Active learning can achieve same performance with 10-100x less labeled data.

Core Idea#

  1. Train model on small labeled set

  2. Query strategy: Select most informative unlabeled samples

  3. Get labels for selected samples (human annotation)

  4. Add to training set, retrain

  5. Repeat until budget exhausted or performance adequate

Acquisition Functions#

Acquisition functions score how informative each unlabeled sample is.

Entropy Acquisition#

Best for: Starting point, simple and effective

Query samples where model is most uncertain:

from incerto.active import EntropyAcquisition, UncertaintySampling

# Create acquisition function
acquisition = EntropyAcquisition()

# Use with uncertainty sampling strategy
strategy = UncertaintySampling(
    acquisition_fn=acquisition,
    batch_size=100
)

# Query most uncertain samples
query_indices = strategy.query(model, unlabeled_data)

# Label these samples
samples_to_label = unlabeled_data[query_indices]

Least Confidence#

Query samples where model is least confident in its prediction:

from incerto.active import LeastConfidenceAcquisition, UncertaintySampling

acquisition = LeastConfidenceAcquisition()
strategy = UncertaintySampling(acquisition, batch_size=100)

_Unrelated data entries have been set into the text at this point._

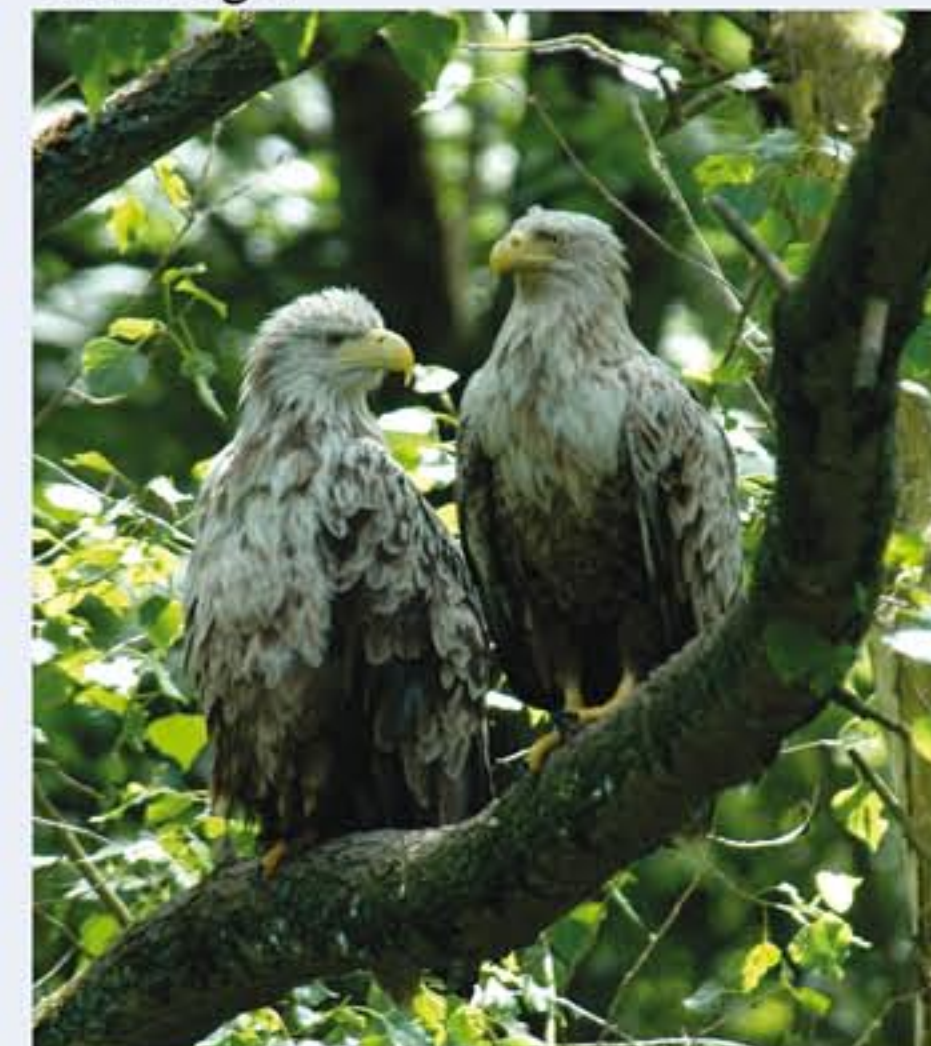
Seeadler ( Haliaeetus albicilla , engl. White-tailed Eagle), Wintergast, Oktober bis März
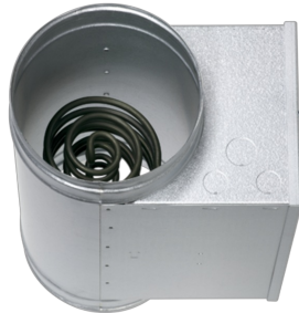
WÄRMEÜBERTRAGER MIT GLATTEN EDELSTAHLHEIZELEMENTEN
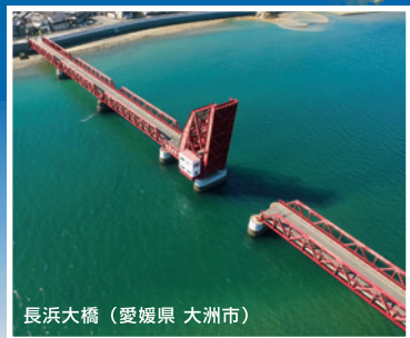
長浜大橋（愛媛県 大洲市）
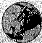
航空自衛隊の戦闘機

自衛隊山梨地方協力本部巨摩募集案内所では自衛隊を知っていただくための各種イベント（車両、艦艇、航空機体験搭乗や基地見学）を用意しています。お気軽にお問い合わせください。※イベントにより年齢制限があります。
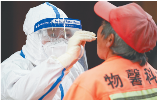
12月28日，在北京市顺义区核酸采样点，医护人员在进行核酸采样。

的应用，为包括老年人在内的人民群众提供更加安全便捷高效的交通出行支付服务。 通知要求，优化老年人打车出行服务。保持巡游出租汽车扬召电召服务能力，整合巡游出租汽车运力，提供电话预约或即时叫车服务；完善约车软件老年人服务功能，增设方便、适合老年人使用的“一键叫车”功能，鼓励有条件的网约车平台公司通过技术手段，为老年人提供优先派单服务；鼓励重点场所提供便捷叫车服务，在医院、居民集中居住区、重要商业区等场所设置出租汽车候客点、临时停靠点，依托信息化技术提供便捷叫车服务。
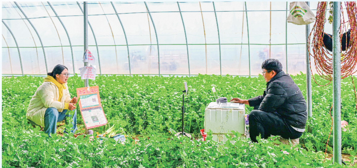
铜山区黄集镇郅城村的蔬菜大棚内,年轻人正忙得不可开交,手机变为“新农具”,大棚变成“直播间”。
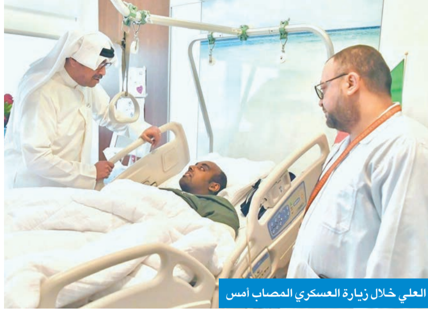
العلي خلال زيارة العسكري المصاب أمس

تلقى وزير الخارجية، الشيخ جراح الجابر، اتصالاً هاتفياً، من وزير الشؤون الخارجية بجمهورية الهند د. سوبراهمانيام جايشانكار، حيث تم خلال الاتصال مناقشة تطورات الأحداث الراهنة في المنطقة والجهود المبذولة بشأنها.
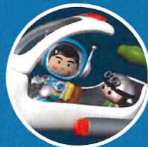
エピソード2 【ジュジョーの試練!】
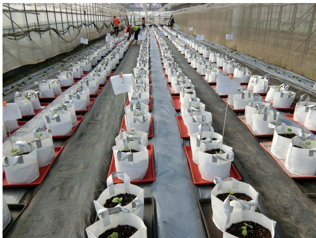
圖二、於100坪簡易溫室，規劃以介質袋種植比賽植株(定植當日)

以本場簡易溫室既有空間(100坪)可容納之最多株數進行育苗與田間規劃。各品種於2021年10月20日以50格穴盤、泥炭土播種育苗，10月30日調查發芽率，所有參賽品種發芽率皆高於90%。田區設計採2重複、每重複12株，單行植，行距1.2公尺、株距45公分。第1重複順序排列，第2重複逢機排列，四週種植保護

query_indices = strategy.query(model, unlabeled_data)

Margin Sampling#

Query samples with smallest margin between top-2 predictions:

from incerto.active import MarginAcquisition, UncertaintySampling

acquisition = MarginAcquisition()
strategy = UncertaintySampling(acquisition, batch_size=100)

query_indices = strategy.query(model, unlabeled_data)

BALD (Bayesian Active Learning by Disagreement)#

Best for: When using Bayesian methods (MC Dropout, ensembles)

Query samples with highest mutual information:

from incerto.active import BALDAcquisition, UncertaintySampling

# BALD uses multiple forward passes for MC Dropout
acquisition = BALDAcquisition(num_samples=10)
strategy = UncertaintySampling(acquisition, batch_size=100)

# Model should have dropout enabled
query_indices = strategy.query(model, unlabeled_data)

Intuition: Query where model weights disagree most (high epistemic uncertainty)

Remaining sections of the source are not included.